Kyma Forum
  Tips & Techniques
  Voice Processing and/or Synthesis

Post New Topic  Post A Reply
profile | register | preferences | faq | search

next newest topic | next oldest topic
Author Topic:   Voice Processing and/or Synthesis
gustl
Member
posted 03 April 2014 06:03         Edit/Delete Message   Reply w/Quote
I wonder if anyone has done something like that in Kyma:
- Modal Synthesis/Manipulation of Voice Quality / Glottal Pulses: changing a breathy voice into a harsh one etc.
- Modelling/Manipulation of supra-laryngeal vocal tract (mouth, nose)
- Modelling/Manipulation of Breathiness and/or the lungs
- Something like this: http://www.antarestech.com/products/detail.php?product=THROAT_Evo_14
- Making a normal speech sound like whispered or screamed etc.

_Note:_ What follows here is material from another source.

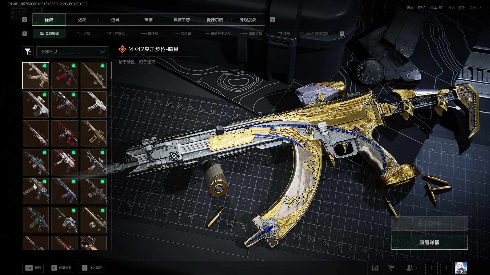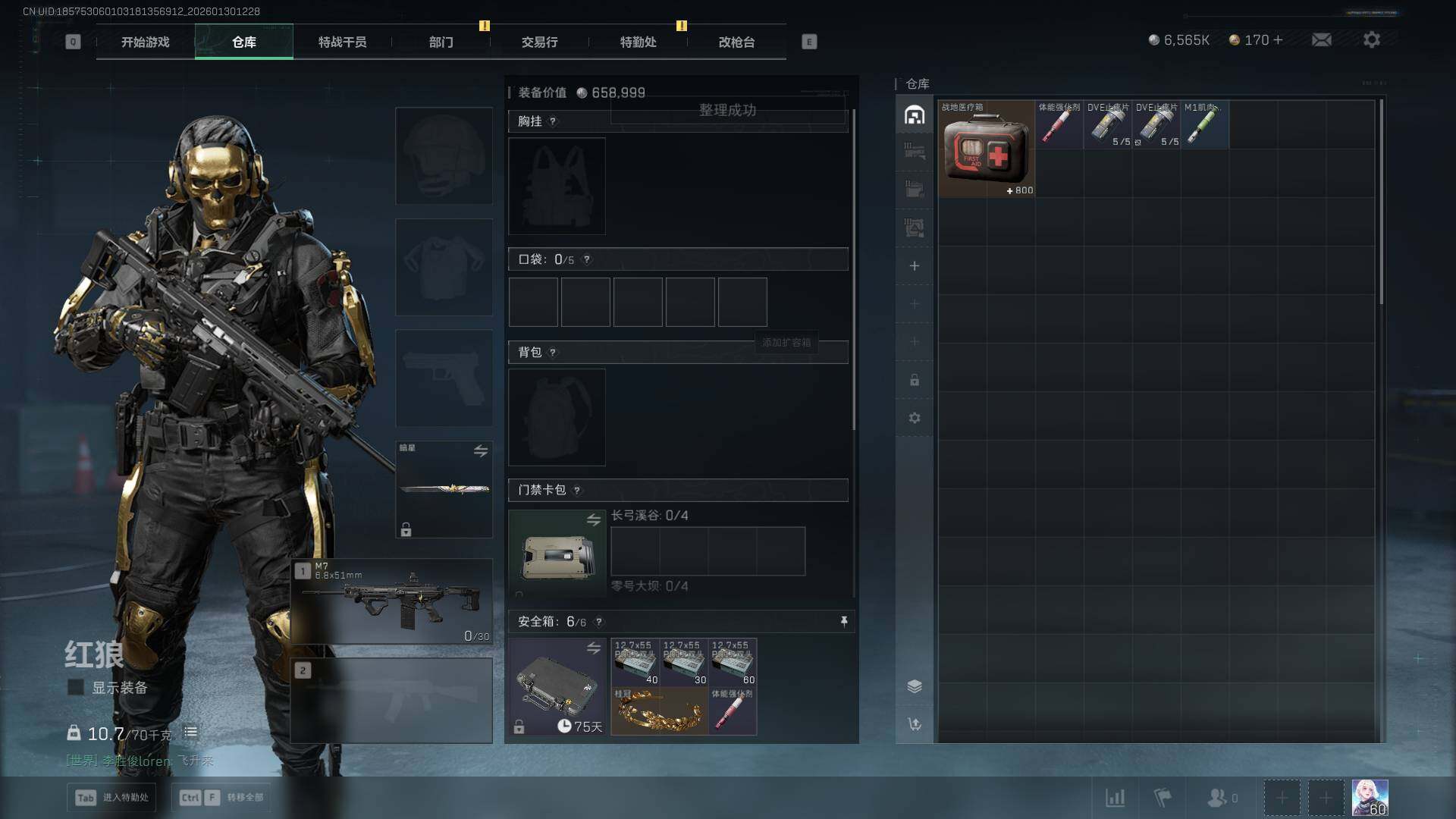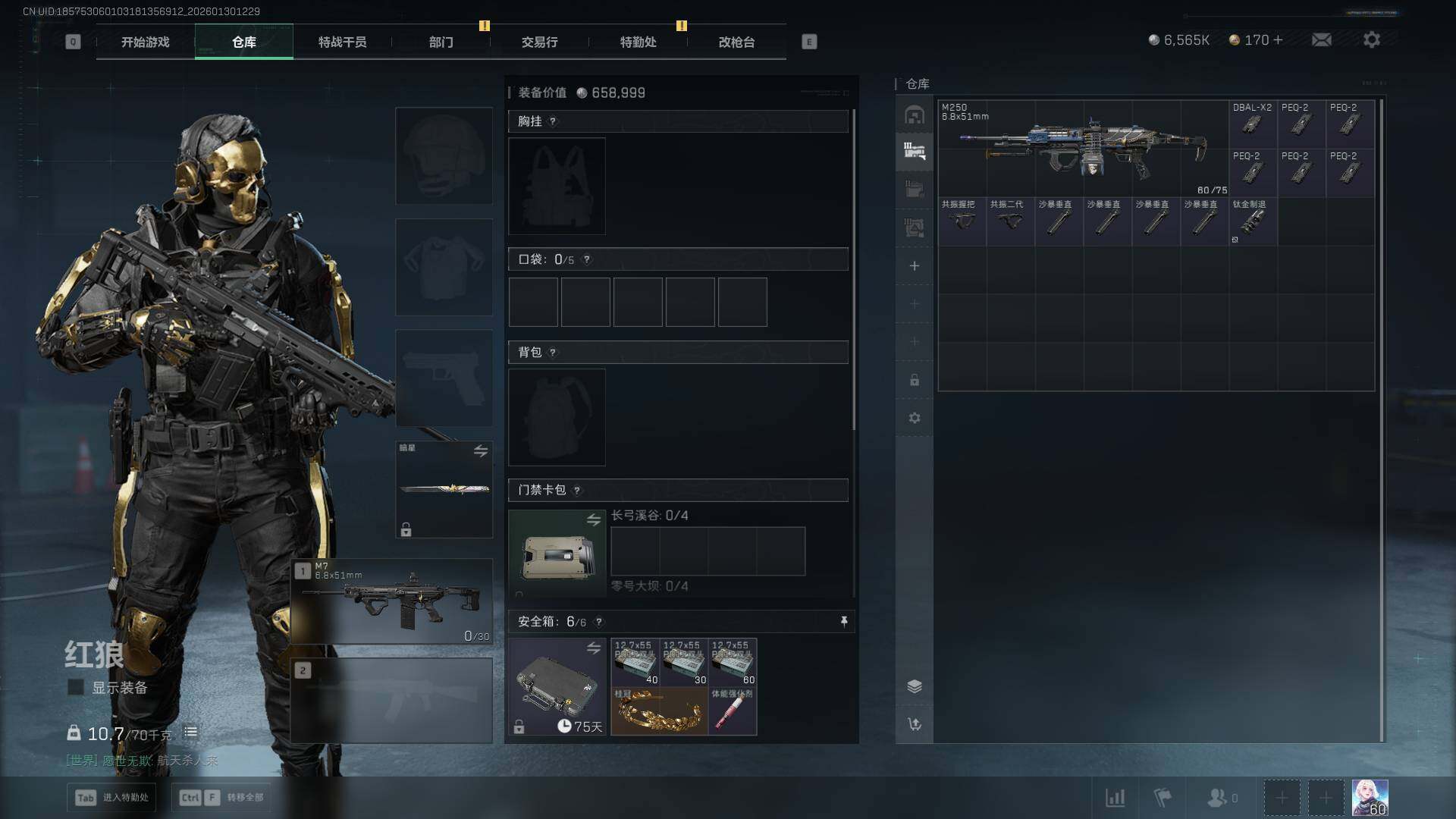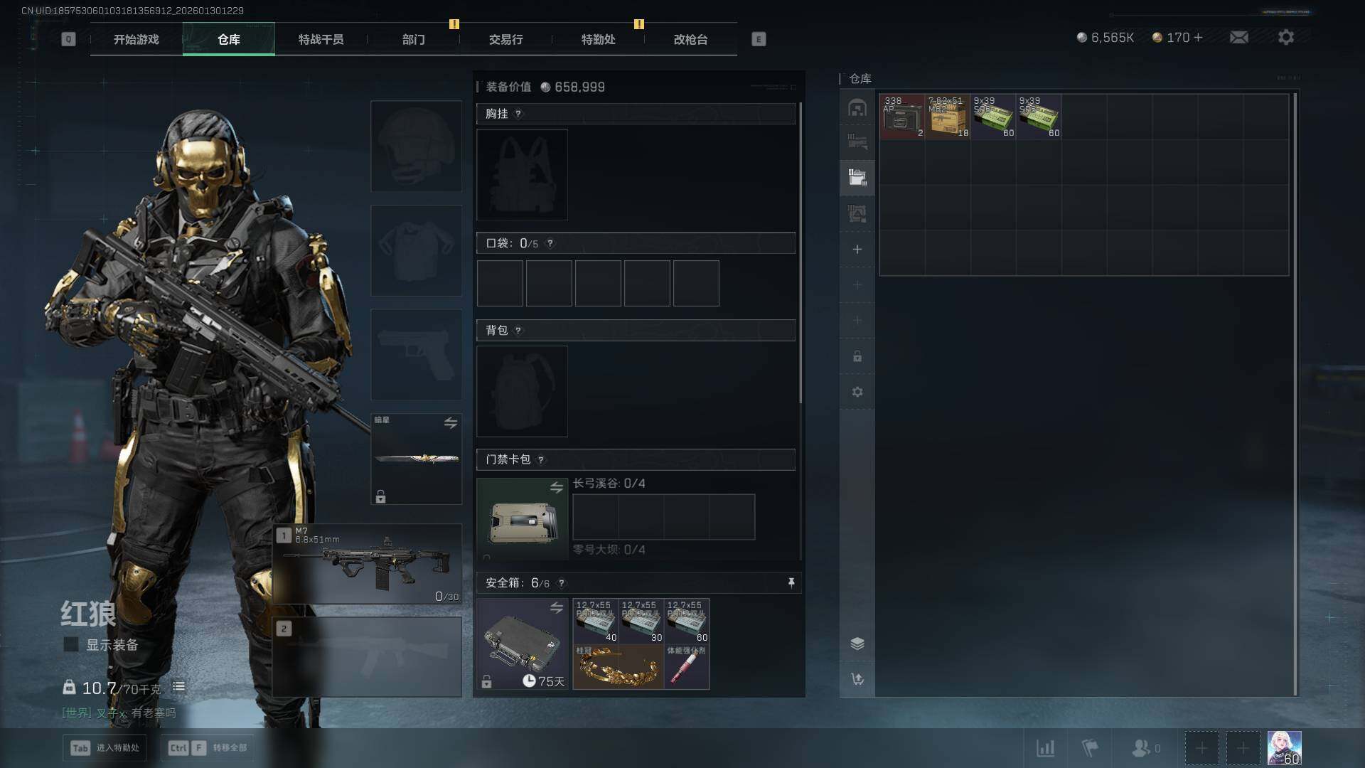 【SJZF5403】总资产(M):22M/哈夫币(K):6565K/哈夫币(K):6565K/传说枪皮数:21/全面战场等级:28_段位:列兵/烽火地带等级:60_段位:钻石/红狼-蚀金玫瑰/骇爪-水墨云图/骇爪-维什戴尔/威龙-壮志凌云/威龙-蛟龙特战队/牧羊人-街头之王/无名-夜鹰/深蓝-不破誓约/红狼-电锯惊魂/露娜-金牌射手/近战-暗星/近战-黑鹰/M4A1突击步枪-蚀金玫瑰/M4A1突击步枪-阿米娅/ASh-12战斗步枪-怜悯/M7战斗步枪-神秘艺术/M7战斗步枪-维京/SG552突击

Any help is highly appreciated

Thanks,
Gustl

IP: Logged

MathisNitschke
Member
posted 05 April 2014 06:27         Edit/Delete Message   Reply w/Quote
I did: http://mathis-nitschke.com/wp/auf-herz-und-nieren/

And in this old article I write a little about it (German):
https://www.dropbox.com/s/ar3iit9f863tcoo/Kyma_Artikel.pdf

Grüße,
- Mathis

IP: Logged

MathisNitschke
Member
posted 05 April 2014 06:33         Edit/Delete Message   Reply w/Quote
Just watched the little Antares Demo video, I'm quite underwhelmed I have to say.

IP: Logged

SSC
Administrator
posted 05 April 2014 17:07         Edit/Delete Message   Reply w/Quote
Scary! (the film excerpt, that is

[This message has been edited by SSC (edited 05 April 2014).]

IP: Logged

pete
Member
posted 05 April 2014 19:12         Edit/Delete Message   Reply w/Quote
Hi Gusti

The THROT demo sound pretty much like a similar technique I demonstrated at the KISS 2013 when I made Kurts voice become different people. I did it by first boosting the hi harmonics and attenuating the lower ones so that the formants become more even and the fundamental was not over powering everything (which I called flattening). This is probably what they mean by neutralizing. I then isolated the spectrum into 3 sections in the same way as you have been pulling the spectrum apart, and shifting the formant of each section separately and in different directions or amounts. This is similar to what you have been doing with the selective smoother except using a format shifter instead. I then un-flattened the spectrum to make the lower harmonics and fundamental loud again.

I was doing it with speech, but they are doing it with singing which in some ways is easier and gives you a smoother pitch movement which you can use as a dynamic controller to further adjust the formant control.

You can make a formant shifter in the wire between by putting a spectrum scaler module into only the left leg, and putting a matching one frame delay in the right. As you are not allowing the right leg to go through the module it stops the frequency scaling happening and only shifts the formant when you adjust the frequency control.

It looks like they are using 5 groups instead of 3 and are crossfading between them. Although they are probably bending the formant (squashing and stretching) over the spectrum.

This couldn't be done with the frequency scaler module for the same reason that we couldn't use the the delay with feed back module for variable independent partial smoothing (the formant control doesn't work at sample rate in the same way as the feedback control didn't), so instead you would have to build your own formant shifter out of component parts. This was what I did at the KISS 2011 although I couldn't demonstrate the "De-Formant" sound (deform the formant, get it) as I ran out of time. Although some of us discussed this in detail afterwards.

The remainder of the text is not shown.